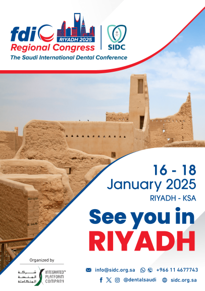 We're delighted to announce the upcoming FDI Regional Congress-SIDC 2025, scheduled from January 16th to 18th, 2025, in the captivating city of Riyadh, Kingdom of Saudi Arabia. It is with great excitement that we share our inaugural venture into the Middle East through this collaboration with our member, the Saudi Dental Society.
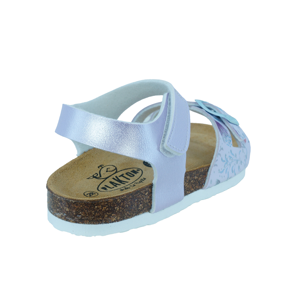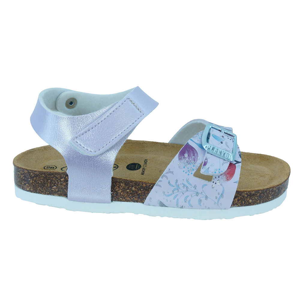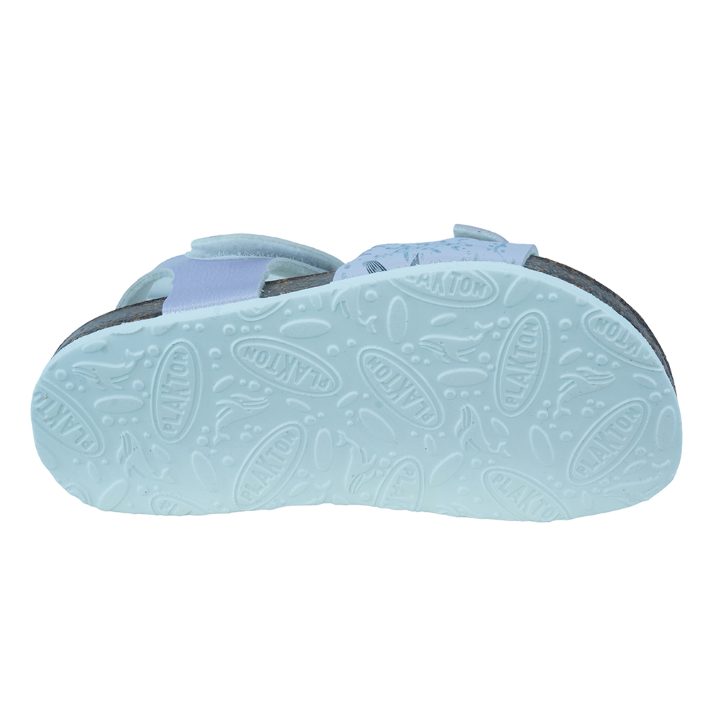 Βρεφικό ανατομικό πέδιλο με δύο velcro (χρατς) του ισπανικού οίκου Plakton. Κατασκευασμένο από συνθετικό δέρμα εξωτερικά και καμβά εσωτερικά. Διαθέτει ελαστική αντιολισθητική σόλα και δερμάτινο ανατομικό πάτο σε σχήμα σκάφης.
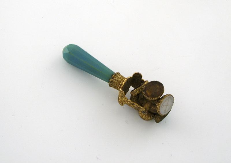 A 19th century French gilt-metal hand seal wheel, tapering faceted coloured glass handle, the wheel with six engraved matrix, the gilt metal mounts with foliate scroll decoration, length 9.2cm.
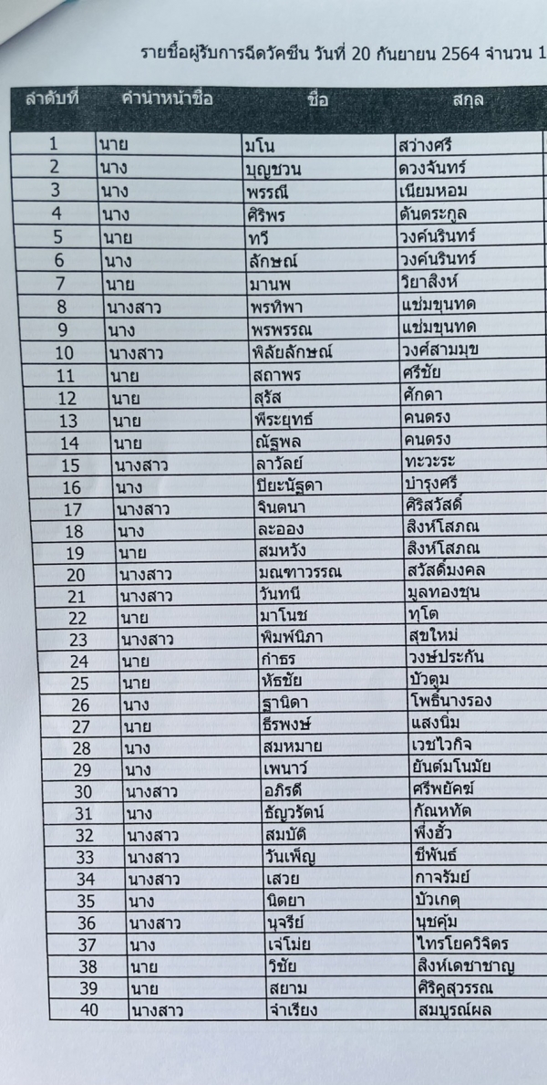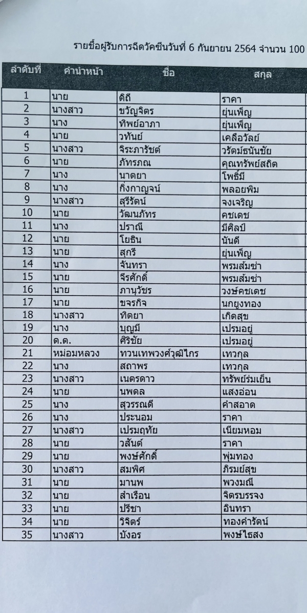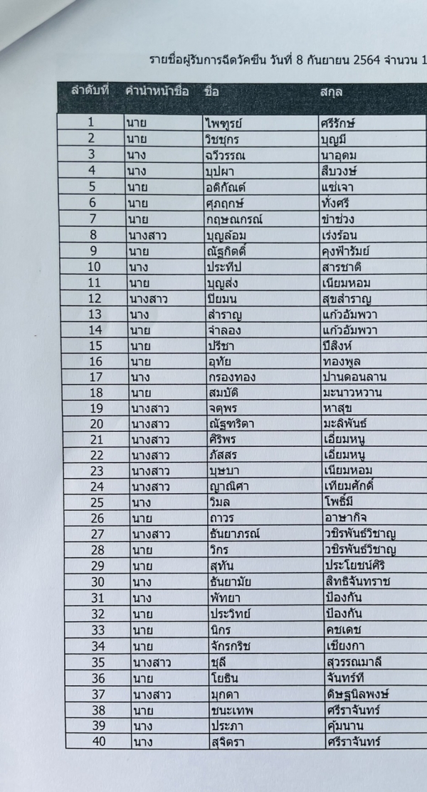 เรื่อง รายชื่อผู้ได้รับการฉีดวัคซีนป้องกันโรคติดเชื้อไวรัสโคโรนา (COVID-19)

━━━━━━

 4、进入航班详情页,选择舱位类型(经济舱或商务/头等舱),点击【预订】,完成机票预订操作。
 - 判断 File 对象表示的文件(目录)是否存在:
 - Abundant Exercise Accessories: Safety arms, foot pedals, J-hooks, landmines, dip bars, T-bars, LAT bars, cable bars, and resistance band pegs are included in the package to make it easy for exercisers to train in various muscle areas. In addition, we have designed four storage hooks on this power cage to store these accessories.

━━━━━━

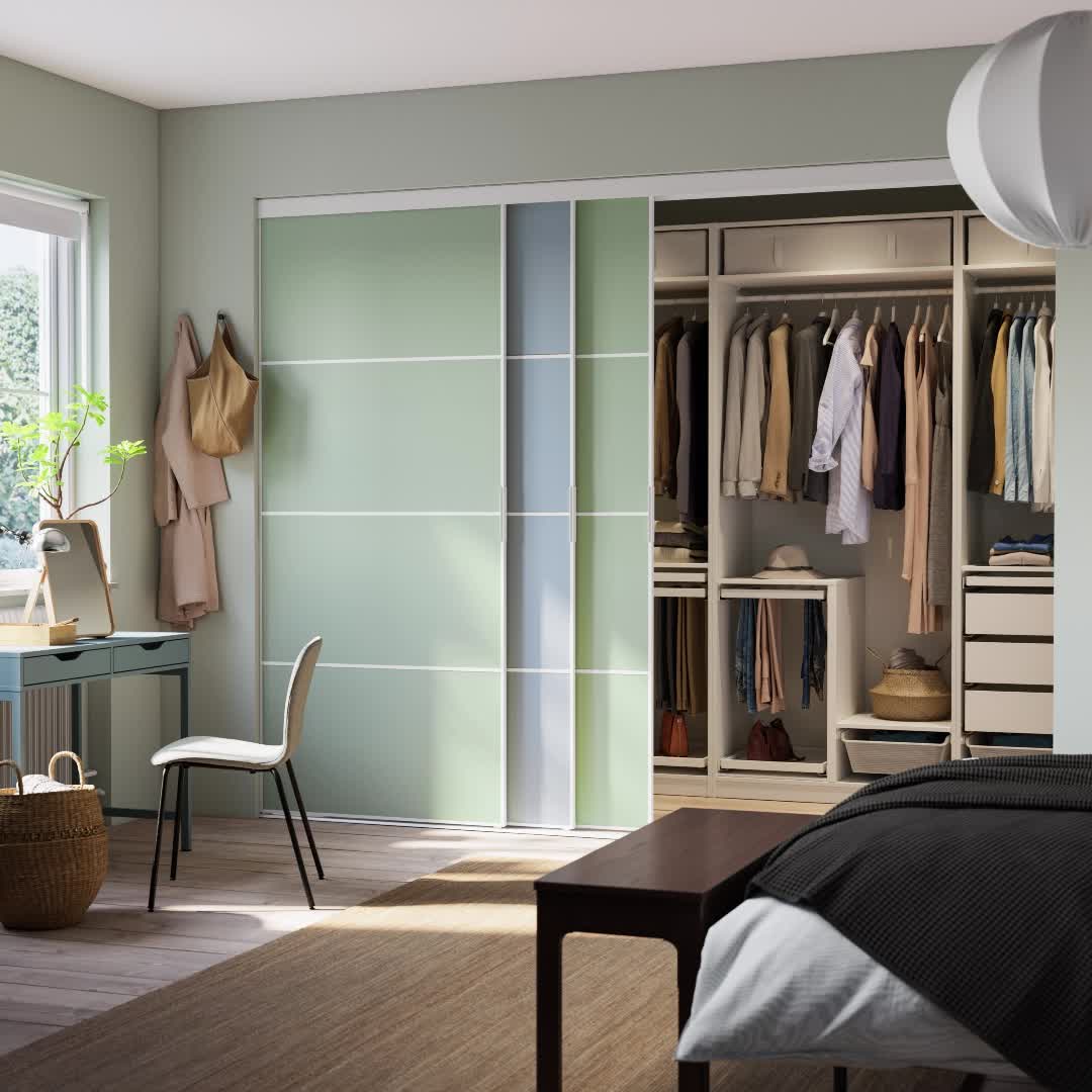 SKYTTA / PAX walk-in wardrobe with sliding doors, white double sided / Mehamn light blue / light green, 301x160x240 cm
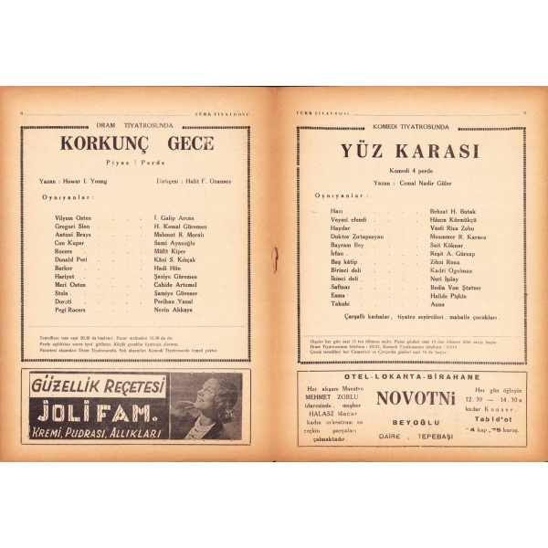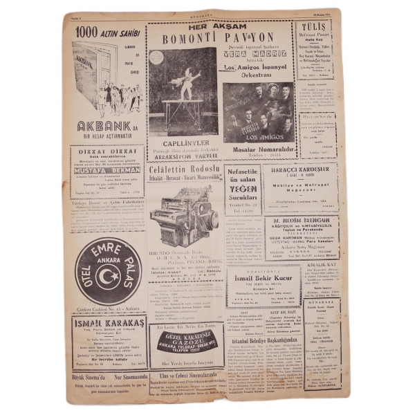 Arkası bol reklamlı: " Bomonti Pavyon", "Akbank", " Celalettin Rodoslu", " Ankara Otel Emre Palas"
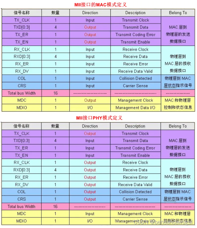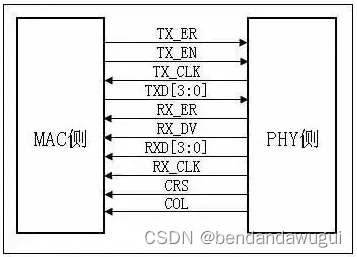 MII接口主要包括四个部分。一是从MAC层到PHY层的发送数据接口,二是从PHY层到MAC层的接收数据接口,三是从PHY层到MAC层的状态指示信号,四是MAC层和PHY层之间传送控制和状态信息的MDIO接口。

━━━━━━

## YOUR GOAL
What is needed is an exact copy of only the lines above from the one with "SKYTTA / PAX" to the one with "MII接口主要包括四个部分。", both kept, with every picture left out.

## WORKED SOLUTION
 SKYTTA / PAX walk-in wardrobe with sliding doors, white double sided / Mehamn light blue / light green, 301x160x240 cm
 Arkası bol reklamlı: " Bomonti Pavyon", "Akbank", " Celalettin Rodoslu", " Ankara Otel Emre Palas"
 MII接口主要包括四个部分。一是从MAC层到PHY层的发送数据接口,二是从PHY层到MAC层的接收数据接口,三是从PHY层到MAC层的状态指示信号,四是MAC层和PHY层之间传送控制和状态信息的MDIO接口。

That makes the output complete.